Ann slowed down and started turning around but was still doing so very aggressively. I started to tell her to drive more casually when Reeves announced from the backseat that a vehicle was heading out to meet us. A vehicle that looked like it had a mounted rocket launcher on it. I decided the time for casual driving was past and went ahead and yelled for Ann to get us the hell out of there.
She gave me a dirty look and yanked hard on the wheel, spinning the tires to get us moving back towards the on ramp.
Entry 3: Fox and the Hound
The terror we had all felt at Ann’s driving through the last town turned out to be the preview for the new level of underwear destroying fear she paralyzed us all with heading back for the on ramp. I had not realized the Hummer could go any faster. I definitely knew it wasn’t smart to go this fast around these curves aimed at a very sharp turn to get
us back on the highway. Everyone was trying to get their seatbelts on while Daisy was busy wedging herself into the floorboards to try and be able to stand up without being thrown out a window.

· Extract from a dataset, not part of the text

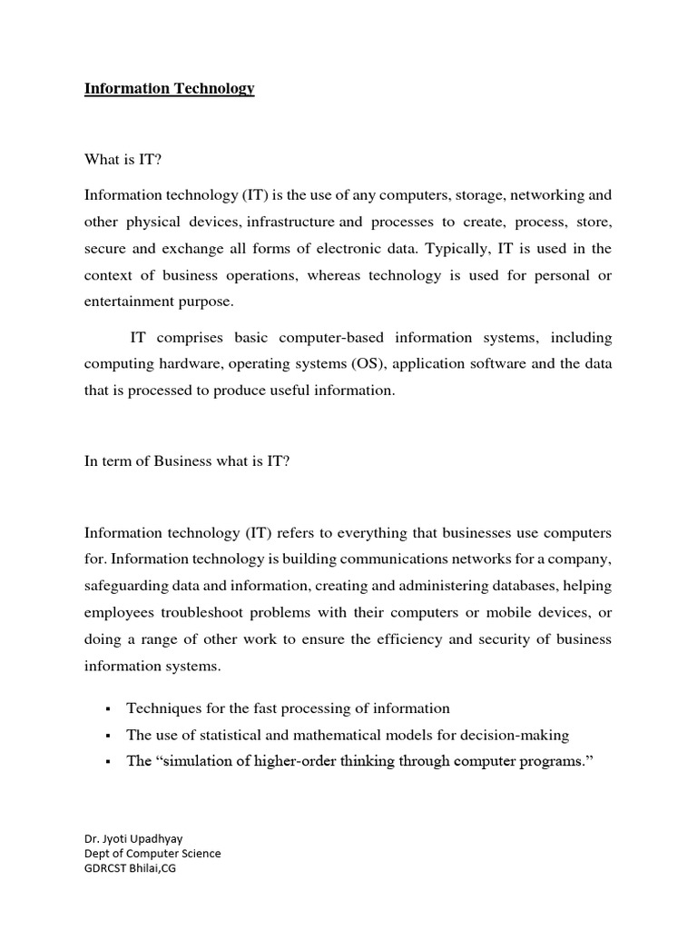 secure and exchange all forms of electronic data. Typically, IT is used in the
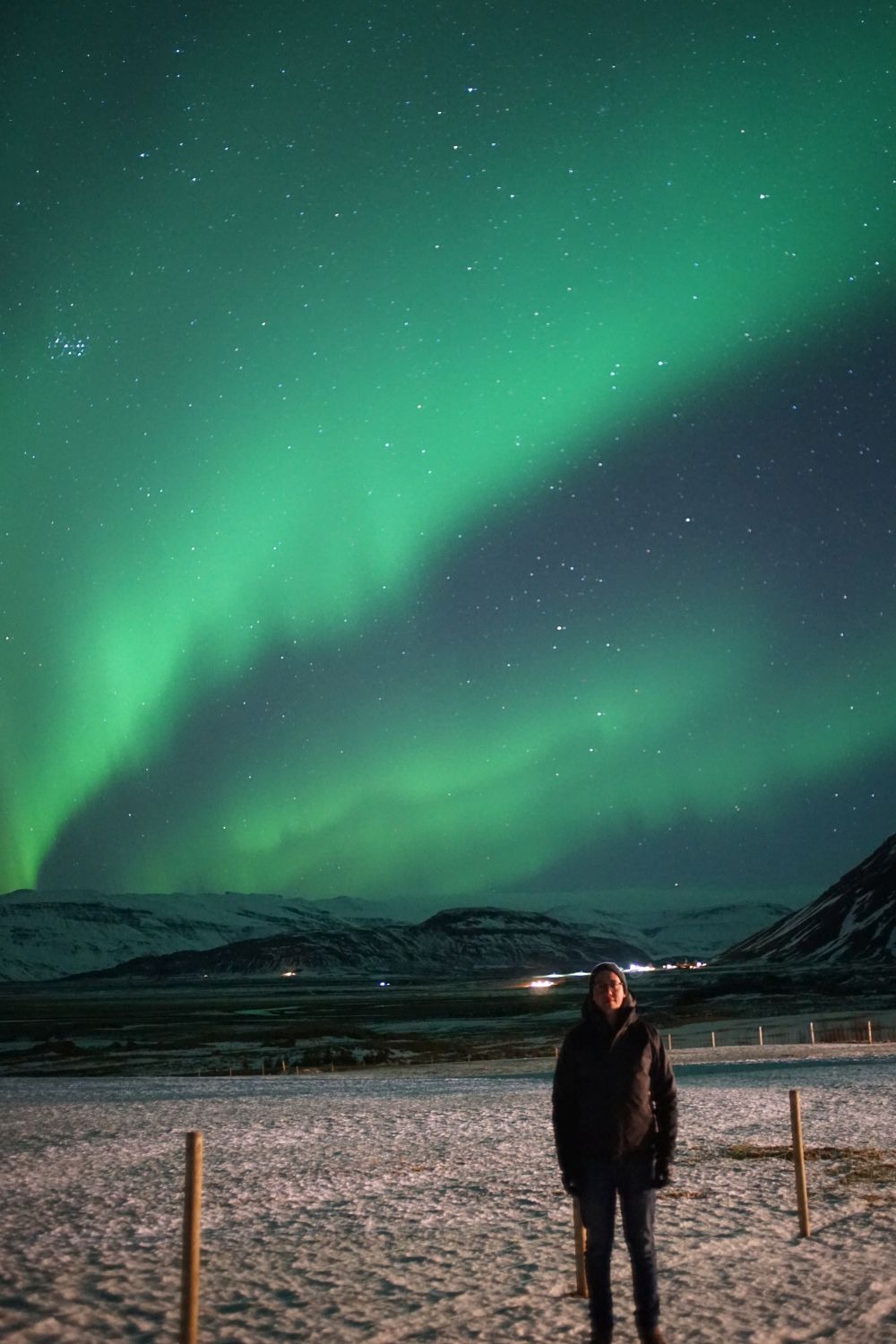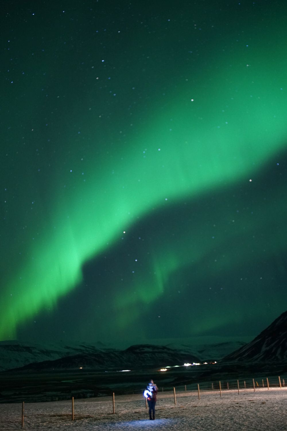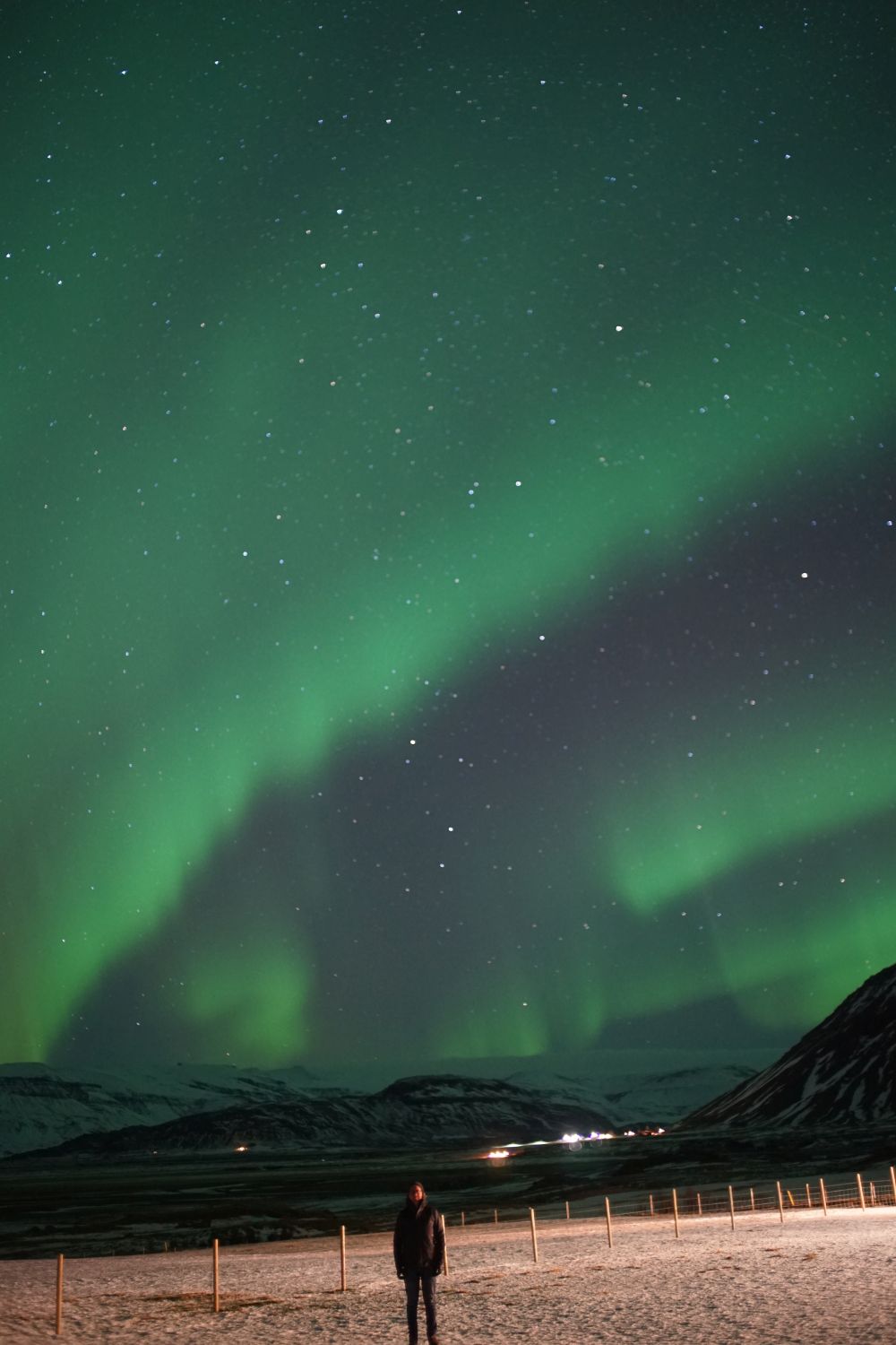 Nach einem morgendlichen Spaziergang durch den Ort ging es zurück über den Bergpass in den Süden von Island. Nach anfänglich durchwachsenem Wetter klarte es schnell auf und wir hatten herrlichen Sonnenschein. Genächtigt wurde in einem kleinen Gästehaus etwa 15 Minuten von Höfn entfernt. Da die Aurora-Vorhersage besonders viel versprechen war, legten wir uns am Küchenfenster auf die Lauer. Gegen halb 12 war es dann endlich so weit und wir konnten die ersten Schleier der Nordlichter am Himmel erkennen. Also schnell Stativ und Kamera zusammengebaut und raus auf das angrenzende Feld. Nach etwa einer drei viertel Stunde war das Spektakel am Himmel zu Ende und wir konnten durchfroren aber glücklich wieder zurück in die warme Unterkunft.

I was real close to trying to get Ann to slow down when a row of bushes to our right exploded. Chunks of rock and a wave of dirt hit us hard enough to rattle our teeth. Ann didn’t even seem to notice the fact that everything was blowing up around us. I opted to let her keep driving since based on us still being alive she must be doing a good job and it wasn’t like one of us could swap with her anyway. I thought about telling Reeves to try and get in the turret but our ammo was running low and he had zero chance of hitting anything the way Ann was driving. Plus, who brings a machine gun to a rocket battle?